Consortium members administer the assessment to cross-sectional samples of first-year students in the fall and seniors in the spring, analyzing the results to determine their areas of strength or weakness in generating student learning and developing appropriate strategies to address the weaknesses. A team of faculty members and administrators from each member institution participates in an annual summer meeting of the Consortium, during which ideas and strategies are shared—a form of mutual support that is continued throughout the year via web conferences, listservs, and email. Team members also serve as interpreters of the CLA on their campuses and as resource persons in assessing student learning more generally.

Using the CLA for Institutional Purposes
The advent of moderately priced, reliable, standardized assessment instruments is equipping college leaders with new tools by which to gather evidence about student learning. Until the development of the National Survey of Student Engagement (NSSE) and the CLA, most colleges’ approaches to assessing student learning had been anecdotal and attitudinal. For example, Terrence Grimes, vice president for academic affairs at Barton College in North Carolina, recalls a time when writing portfolios were expected of students there but were never collected or analyzed, and when some courses that ostensibly emphasized writing “really didn’t.” In short, he says, there was very little concrete evidence of students’ competence in writing.

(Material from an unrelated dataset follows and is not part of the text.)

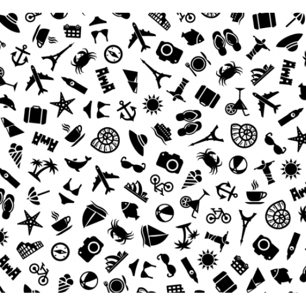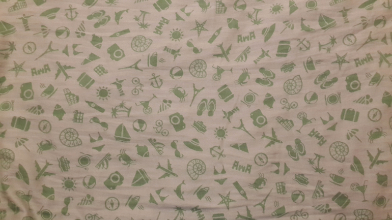 Надо сказать, что паттерн весёленький. и очень богатый. я пыталась сосчитать, сколько там всего изображено: бикини, бигбен, компас, самолёт, чемодан, шлёпки, мяч, пальма, краб, мороженка, коктейль, фотоаппарат, ракушка, чашка чая (или кофе?), якорь, пароход, башня, тарелка, английский двухэтажный автобус (даблбасс), эйфелева башня, театр, велосипед, статуя Христа, зонтик, рыба, магазин, ещё одна башня, солнце (как же без него!?), шляпа, парусник, морская звезда, дельфин... 33.

The potential benefits of using the CLA go well beyond its use as an assessment instrument, especially given the right timing and fit with institutional culture and concerns. At Barton, for instance, the CLA was introduced in 2005 in conjunction with a review of the general education curriculum. At that time, according to Grimes, there was also pressure on Barton from its regional accreditor to develop quality-improvement programs. After some difficulties in the early administration of the instrument, the CLA was integrated into the first-year program as well as administered to seniors.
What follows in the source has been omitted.